Shrub in the genus of willows

Salix characta is a shrub from the genus of willow (Salix) with initially downy hairy branches. The leaf blades have lengths of 3.5 to sometimes 7 centimeters. The natural range of the species is in China.

==Description==
Salix characta is a shrub with gray-yellowish-brown or red-brown, initially downy-haired branches. The buds are red-brown and egg-shaped. The leaves have a 1 to 3, rarely 4 millimeter long, shaggy stalk.
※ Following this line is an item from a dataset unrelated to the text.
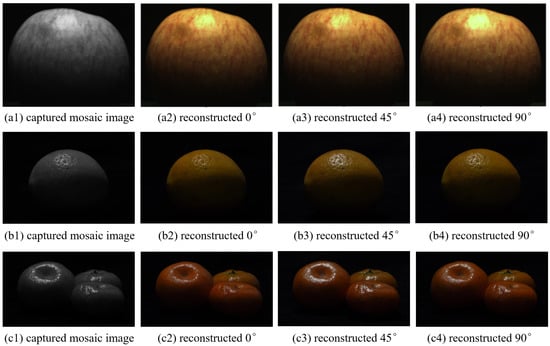 By using the CPDNet, we can reconstruct a color polarization image in three angles from a multi-band polarization mosaic image as shown in Figure 3d. The specific demosaicking process is not described in detail here, readers can refer to [] for more information.
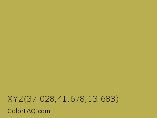 XYZ 37.028,41.678,13.683 Color is a normal yellow color and the nearest color is Olive Green #b5b35c. Hex code #baaf50 and RGB value is rgb(186,175,80). In RGB color space, this color is composed of 73% red, 69% green, 31% blue, In CMYK color space, this color is composed of 0% cyan, 6% magenta, 57% yellow , 27% black , In HSL color space, this color has a hue angle of 54° , 43% saturation and 52% lightness.

The leaf blade is oblong-lanceolate, rarely elongated, 3.5 to rarely 7 centimeters long and 0.6 to 1 rarely 1.3 centimeters wide, pointed or rarely pointed, with a pointed or rarely almost blunt base and a serrate and rolled-up leaf margin. The top is green and fine downy, gray-green, the bottom and along the midrib shaggy hair.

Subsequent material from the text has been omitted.